1. QUEER EYE FOR THE STRAIGHT GUY
Hand soap is not an okay shampoo? Who knew? The five make-over kings on Bravo’s fab show, that’s who.
2. SIGERSON MORRISON FLIP-FLOPS
A high-heeled flip-flop? Genius! No wonder ladies are snapping them up — at $85 a pair.
3. DA ALI G TRANSLATOR
Now yous too can bang dig your bestest (H)BO natta show ‘ost Ali G wiv ‘elp from dis friendly website. (mackers.com/alig)
4. ALTERNATE ENDING TO ‘28 DAYS LATER’
Check out the spookier finish, now in theaters — if you dare!
5. DOGGY FIZZLE TELEVIZZLE
We won’t stoop to Snoop-speak — it’s a cliche — but Snoop Dogg’s ribald MTV variety show is adding sizzle in a summer of fizzle. See, we came close, but still no Snoopizzle speakizzle — oh, doggnab it! It’s just so fun!
6. MR. S, BY GEORGE JACOBS AND WILLIAM STADIEM
Frank Sinatra’s former valet has written a rarity: a loving poison-pen memoir, full of the Chairman’s bad behavior but still laced with the milk of human kindness.
7. PAGES 243-52 IN ‘KATE REMEMBERED’
Guess who’s coming to dinner in the book’s wackiest episode? Why, it’s…Michael Jackson.

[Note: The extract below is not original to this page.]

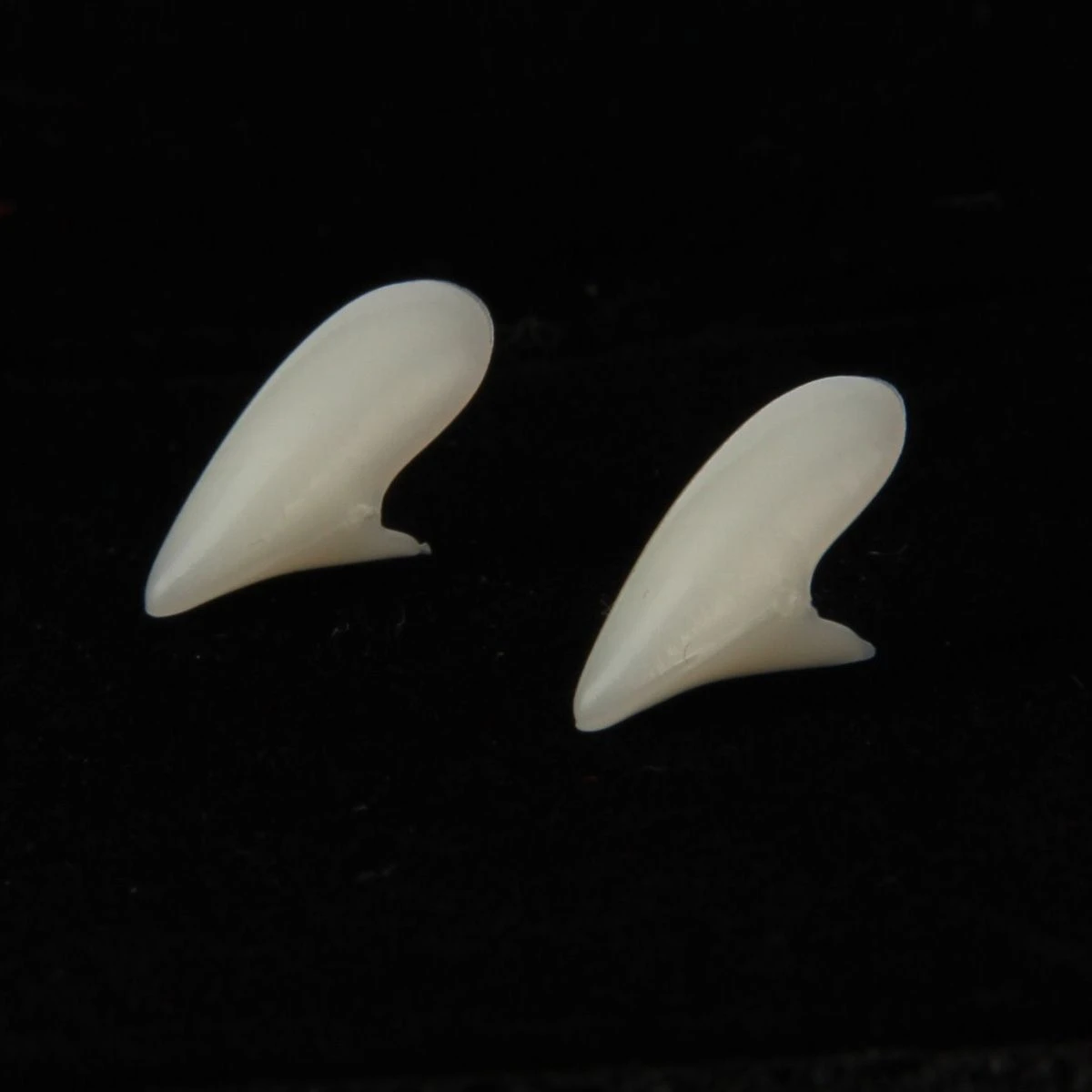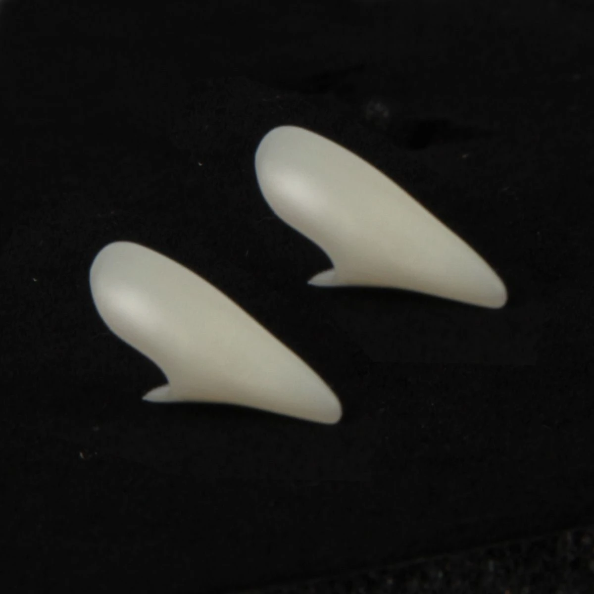 Set van 2 luxe vampier hoektanden, lengte 19 mm. De ivoorkleurige tanden hebben een zeer realistische look. Je bevestigt ze gemakkelijk op je eigen tanden met thermische tandenlijm, deze is verkrijgbaar in onze webshop. Verkrijgbaar in 2 lengtes, wij raden 17 mm aan voor voruwen en 19 mm voor mannen. De tanden worden geleverd in een luxe bewaardoosje.

Pour Miss Hepburn a stiff drink — pronto.
8. THE RESTAURANT
If the first course is any indication, we think we’ll be coming back to NBC’s behind-the-scenes-at-an-eatery reality show.
9. ”BEER FOR MY HORSES,” TOBY KEITH AND WILLIE NELSON
Finally, an ode to equine inebriation that you can actually dance to.
10. JUNIOR SENIOR’S ”MOVE YOUR FEET” VIDEO
Featuring an exploding dolphin, a wicked squirrel, and a wickeder beat, this super-busy cartoon is a three-minute piece o’ dance heaven.